Requirement → A faithful copy is needed of the lines below from the one with "本屆培訓(xùn)班邀請了西" up to and including the one with "面ぽう圧出 学生特別治療 |"; set it down with no pictures and no other lines.

The data →

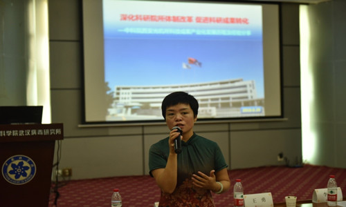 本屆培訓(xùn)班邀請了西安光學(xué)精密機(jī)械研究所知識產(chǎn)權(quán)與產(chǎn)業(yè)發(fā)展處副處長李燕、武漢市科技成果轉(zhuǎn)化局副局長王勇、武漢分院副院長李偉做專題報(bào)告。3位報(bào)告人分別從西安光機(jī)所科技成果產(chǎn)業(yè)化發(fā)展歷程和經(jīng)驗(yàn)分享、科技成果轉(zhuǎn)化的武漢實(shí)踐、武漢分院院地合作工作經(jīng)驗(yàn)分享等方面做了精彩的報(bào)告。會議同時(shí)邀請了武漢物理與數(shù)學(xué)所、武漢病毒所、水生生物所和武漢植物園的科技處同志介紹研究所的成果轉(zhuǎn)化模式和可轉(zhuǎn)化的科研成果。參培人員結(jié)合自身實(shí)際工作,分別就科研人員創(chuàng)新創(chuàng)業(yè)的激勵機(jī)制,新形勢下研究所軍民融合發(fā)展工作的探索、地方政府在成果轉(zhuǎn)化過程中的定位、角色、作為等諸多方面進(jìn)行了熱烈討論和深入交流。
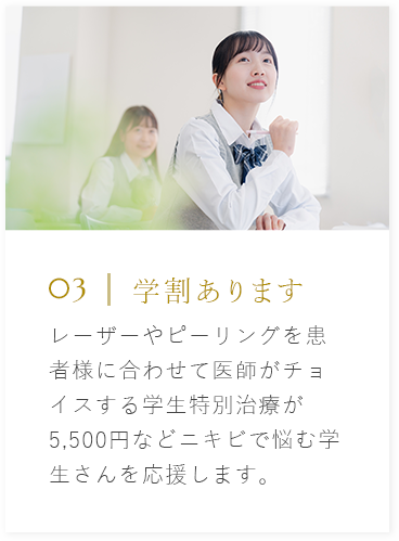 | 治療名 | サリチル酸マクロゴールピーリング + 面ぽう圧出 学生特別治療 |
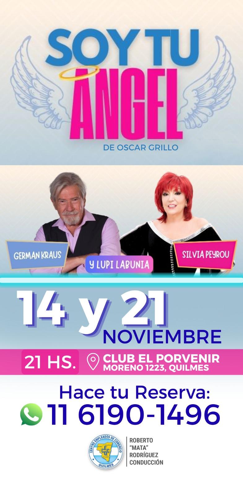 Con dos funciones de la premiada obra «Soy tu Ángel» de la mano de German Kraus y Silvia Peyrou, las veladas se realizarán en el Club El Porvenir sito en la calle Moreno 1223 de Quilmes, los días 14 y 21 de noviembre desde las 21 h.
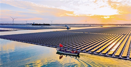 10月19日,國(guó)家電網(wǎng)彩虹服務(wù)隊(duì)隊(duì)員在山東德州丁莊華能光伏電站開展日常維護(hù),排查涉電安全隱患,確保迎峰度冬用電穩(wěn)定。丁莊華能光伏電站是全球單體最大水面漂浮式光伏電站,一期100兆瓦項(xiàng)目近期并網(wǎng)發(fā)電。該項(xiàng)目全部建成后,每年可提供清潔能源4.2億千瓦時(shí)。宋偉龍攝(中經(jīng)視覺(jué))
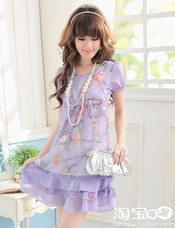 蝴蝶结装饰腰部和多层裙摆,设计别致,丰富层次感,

--

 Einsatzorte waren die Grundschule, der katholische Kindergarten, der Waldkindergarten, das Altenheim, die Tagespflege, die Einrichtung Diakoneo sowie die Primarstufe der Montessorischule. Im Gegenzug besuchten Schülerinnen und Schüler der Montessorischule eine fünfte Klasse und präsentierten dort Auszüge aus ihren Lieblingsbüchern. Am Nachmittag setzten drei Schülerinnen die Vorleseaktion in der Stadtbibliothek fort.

Exercise response →
 本屆培訓(xùn)班邀請了西安光學(xué)精密機(jī)械研究所知識產(chǎn)權(quán)與產(chǎn)業(yè)發(fā)展處副處長李燕、武漢市科技成果轉(zhuǎn)化局副局長王勇、武漢分院副院長李偉做專題報(bào)告。3位報(bào)告人分別從西安光機(jī)所科技成果產(chǎn)業(yè)化發(fā)展歷程和經(jīng)驗(yàn)分享、科技成果轉(zhuǎn)化的武漢實(shí)踐、武漢分院院地合作工作經(jīng)驗(yàn)分享等方面做了精彩的報(bào)告。會議同時(shí)邀請了武漢物理與數(shù)學(xué)所、武漢病毒所、水生生物所和武漢植物園的科技處同志介紹研究所的成果轉(zhuǎn)化模式和可轉(zhuǎn)化的科研成果。參培人員結(jié)合自身實(shí)際工作,分別就科研人員創(chuàng)新創(chuàng)業(yè)的激勵機(jī)制,新形勢下研究所軍民融合發(fā)展工作的探索、地方政府在成果轉(zhuǎn)化過程中的定位、角色、作為等諸多方面進(jìn)行了熱烈討論和深入交流。
 | 治療名 | サリチル酸マクロゴールピーリング + 面ぽう圧出 学生特別治療 |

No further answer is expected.